İkinci konuya gelince, soruyu hatırlamaya çalışıyorum çünkü uzun bir cevap verdim, kusura bakmayın, hatırlatmanız mümkün mü ikinci soruyu? Kusura bakmayın lütfen.

BAŞKAN FATİH DÖNMEZ - Şöyle: Aslında CRM'le alakalı olarak sormuştum yani bu kurumsal şirketlerden bir sürü veri alınıyor ama bir profesyonel destek alınması konusu, dolayısıyla verilerin paylaşımı.

HYPE KURUCUSU SARPER DANIŞ - Teşekkür ederim.
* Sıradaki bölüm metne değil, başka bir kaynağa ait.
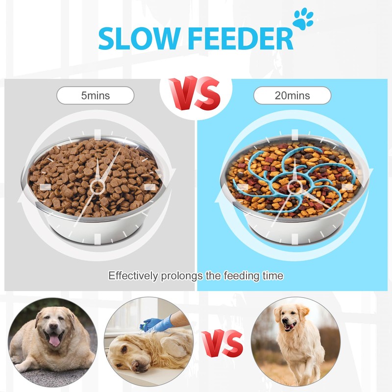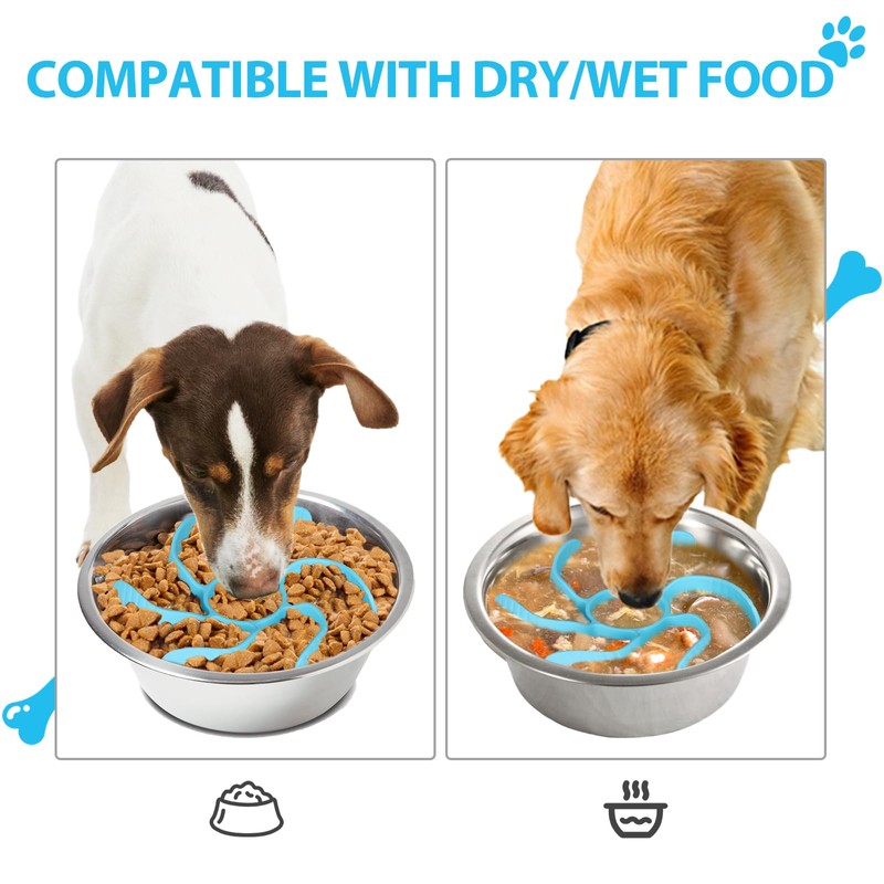 - 【Normal Dog Bowls Become Slow Feeding Bowls】Simply press the slow feeder insert down on the bottom of dog bowls and the dog bowl becomes a slow feeding bowl in seconds. The unique spiral-shaped silicone sheet design allows dogs to effectively slow down their food intake and helps reduce overfeeding and indigestion in dogs.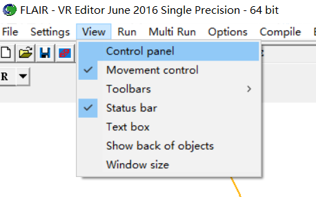 点击菜单栏的【File】-START NEW CASE-FALIR-OK,打开菜单栏【View】-Control panel,即可出现VR Editor快捷菜单,单击Obj菜单。

Şimdi, şöyle: Şu anda da -örnek veriyorum- META'ya, Google'a bazı veriler yükleniyor yani bazı müşteri verisi, büyük markaların verileri yükleniyor. Bu yüklenme sırasında "hash"leme dediğimiz bir teknoloji kullanılıyor yani bu bilgileri tamamen karıştırıp, sadece bizde olan bir şifreleme yöntemiyle yukarı gönderip, o veriyi artık çok anlamlı olmayan yani kullanılmaz hâle gelen bir veri hâline getiriyoruz. Bu, kurumsal yapıların zaten istediği bir şey. "Bana verini normal yollama, ben bunun sorumluluğunu almak istemiyorum, bu beni de sıkıntıya sokar." diyerek zaten bu teknolojiler üretildi, bu birinci yöntemi ama daha sağlıklı yöntemi şu, bundan sonrası için yapay zekâ bağlantılı da söylemek istiyorum bunu: Bu, bugüne kadar uygulamalar yani Google'a, META'ya gönderilen müşteri verileri de var çünkü "Benim müşterim bu reklamı görsün ve şu şekilde görsün." gibi hedeflemeler yapılabilsin diye yapılıyor. Yapay zekâ içinde şu mevcut: Yani biz eğer ki şu an OpenAI'a, ChatGPT'ye bir şey yazarsak bu artık bizden çıkmış bir bilgi yani "Bunu sakın kullanma." deme durumunda değiliz ne yazık ki. O yüzden daha açık kaynak kodlu mesela "DeepSeek" gibi -yani Çin'in ürettiğine bir örnek vereyim burada- bizlerin kullanması için daha uygun olan yapay zekâ teknolojileri de geliyor ve gelecek, buralara konsantre olabilirsek ileride o zaman kendi verimizi işleme şansımız oluyor çünkü o zaman sadece işletim sistemini bize veriyorlar, biz kendi bilgisayarlarımızda, kendi ülkemizde bunları işleyip bu verileri kullanabiliyoruz. Bu daha önce de zaten kullanılan bir yöntem son senelerde hani gelen kanunlarla birlikte. O yüzden bu yöntemi en makul yöntem olarak görüyoruz. İleriki dönemlerde de daha açık kaynak kodlu, daha bizim verimizle işi olmayacak, kapalı sistemleri olmayan... OpenAI, Apple, Google, META, bunlar daha kapalı sistemler, zaten bütün ülkelerin hükûmetleri tarafından da sorgulanan konuların başında geliyor bu. O yüzden burada daha açık kaynak kodlu datayı, veriyi kendimizde sakladığımız teknolojileri kullanmak daha uygun olacaktır ileride.